"The best book on Yeats and the best book of American literary criticism informed by critical theory to appear since Harold Bloom’s Years."--Daniel T. O’Hara, Temple University
"An important study of a major aspect of Yeats’s poetry, in some ways the fruit of a lifetime’s thinking by one of our most distinguished Yeatsians."--Richard J. Finneran, University of Tennessee
In this most ambitious work on Yeats in two decades, Hazard Adams undertakes a study of all of the poems Yeats wished to include in his volume of collected poetry, and he reveals a canon carefully constructed to tell a dramatic-mimetic story. Not only in the poems, but in the spaces between, Adams finds the created life of the fictive poet named Yeats—shaped, over the years, as the author Yeats revised and ordered his poems to tell this story.
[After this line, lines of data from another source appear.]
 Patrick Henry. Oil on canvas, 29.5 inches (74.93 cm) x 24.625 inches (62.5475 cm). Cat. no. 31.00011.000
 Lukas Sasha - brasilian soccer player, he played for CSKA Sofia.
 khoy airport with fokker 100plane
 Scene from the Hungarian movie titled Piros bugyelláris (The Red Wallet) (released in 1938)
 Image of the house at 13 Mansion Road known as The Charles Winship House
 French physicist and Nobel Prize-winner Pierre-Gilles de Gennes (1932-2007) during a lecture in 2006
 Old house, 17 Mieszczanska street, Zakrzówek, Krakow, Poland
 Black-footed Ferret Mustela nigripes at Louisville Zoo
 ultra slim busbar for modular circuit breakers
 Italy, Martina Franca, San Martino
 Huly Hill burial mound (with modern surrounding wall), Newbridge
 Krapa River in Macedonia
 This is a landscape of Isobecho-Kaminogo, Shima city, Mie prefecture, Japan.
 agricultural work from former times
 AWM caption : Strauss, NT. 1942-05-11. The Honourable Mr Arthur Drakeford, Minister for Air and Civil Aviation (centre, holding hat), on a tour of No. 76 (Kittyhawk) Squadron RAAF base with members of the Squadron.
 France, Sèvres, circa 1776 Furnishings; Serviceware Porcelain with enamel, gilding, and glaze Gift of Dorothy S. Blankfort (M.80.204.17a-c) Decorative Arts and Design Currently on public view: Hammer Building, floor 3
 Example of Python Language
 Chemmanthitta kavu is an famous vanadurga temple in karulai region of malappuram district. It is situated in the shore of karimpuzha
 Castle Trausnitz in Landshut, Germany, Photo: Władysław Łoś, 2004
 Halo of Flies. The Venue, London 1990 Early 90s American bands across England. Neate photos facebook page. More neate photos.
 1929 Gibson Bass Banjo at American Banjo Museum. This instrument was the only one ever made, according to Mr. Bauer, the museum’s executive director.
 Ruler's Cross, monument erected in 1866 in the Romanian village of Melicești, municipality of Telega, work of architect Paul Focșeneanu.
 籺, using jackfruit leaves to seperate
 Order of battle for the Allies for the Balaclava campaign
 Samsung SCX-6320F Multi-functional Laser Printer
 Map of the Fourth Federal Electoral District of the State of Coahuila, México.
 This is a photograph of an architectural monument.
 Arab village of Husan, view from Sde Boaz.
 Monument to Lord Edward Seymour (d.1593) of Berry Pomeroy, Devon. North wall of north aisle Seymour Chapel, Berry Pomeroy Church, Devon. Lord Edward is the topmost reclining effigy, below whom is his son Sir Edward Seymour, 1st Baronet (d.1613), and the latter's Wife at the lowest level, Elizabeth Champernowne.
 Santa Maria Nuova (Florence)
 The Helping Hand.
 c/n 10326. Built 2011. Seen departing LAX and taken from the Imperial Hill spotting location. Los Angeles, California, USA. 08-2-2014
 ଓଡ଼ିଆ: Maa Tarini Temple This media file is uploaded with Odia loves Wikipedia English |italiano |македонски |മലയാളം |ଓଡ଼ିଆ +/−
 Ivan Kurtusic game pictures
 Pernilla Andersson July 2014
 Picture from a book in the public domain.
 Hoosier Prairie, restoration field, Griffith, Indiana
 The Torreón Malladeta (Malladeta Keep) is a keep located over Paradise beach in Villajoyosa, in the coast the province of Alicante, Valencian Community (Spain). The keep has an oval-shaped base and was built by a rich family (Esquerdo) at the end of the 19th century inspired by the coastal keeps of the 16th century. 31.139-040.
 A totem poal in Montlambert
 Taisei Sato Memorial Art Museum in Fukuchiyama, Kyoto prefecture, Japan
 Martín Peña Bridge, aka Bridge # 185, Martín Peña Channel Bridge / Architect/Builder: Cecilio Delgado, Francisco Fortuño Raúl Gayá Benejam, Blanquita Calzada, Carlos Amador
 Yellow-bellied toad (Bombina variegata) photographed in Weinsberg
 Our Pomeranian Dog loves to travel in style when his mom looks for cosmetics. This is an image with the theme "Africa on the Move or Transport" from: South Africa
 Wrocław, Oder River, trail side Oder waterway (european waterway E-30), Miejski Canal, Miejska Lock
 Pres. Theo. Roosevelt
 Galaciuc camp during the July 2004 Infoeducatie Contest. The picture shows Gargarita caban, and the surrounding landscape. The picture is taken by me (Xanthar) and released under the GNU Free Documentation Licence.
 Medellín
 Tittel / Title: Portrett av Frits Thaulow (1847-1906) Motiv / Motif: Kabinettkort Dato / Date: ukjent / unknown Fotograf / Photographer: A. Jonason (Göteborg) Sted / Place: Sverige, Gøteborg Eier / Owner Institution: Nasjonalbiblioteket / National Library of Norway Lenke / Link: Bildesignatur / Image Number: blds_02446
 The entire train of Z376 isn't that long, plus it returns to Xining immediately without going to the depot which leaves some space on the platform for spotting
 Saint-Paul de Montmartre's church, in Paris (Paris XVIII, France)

Many have commented on the significance of the order of Yeats’s poems, but Adams’s is the first sustained, detailed study articularing this significance poem by poem for all of the poet’s work. While providing a comprehensive, insightful reading of the poems, Adams’s commentary is always thoroughly informed by the current theoretical, critical, and scholarly debates surrounding both the text of Yeats’s poems and the nature of textuality itself. At all points accessible and persuasive, The Book of Yeats’s Poems is a work of immediate importance for students of Yeats, of theory, and of modernism.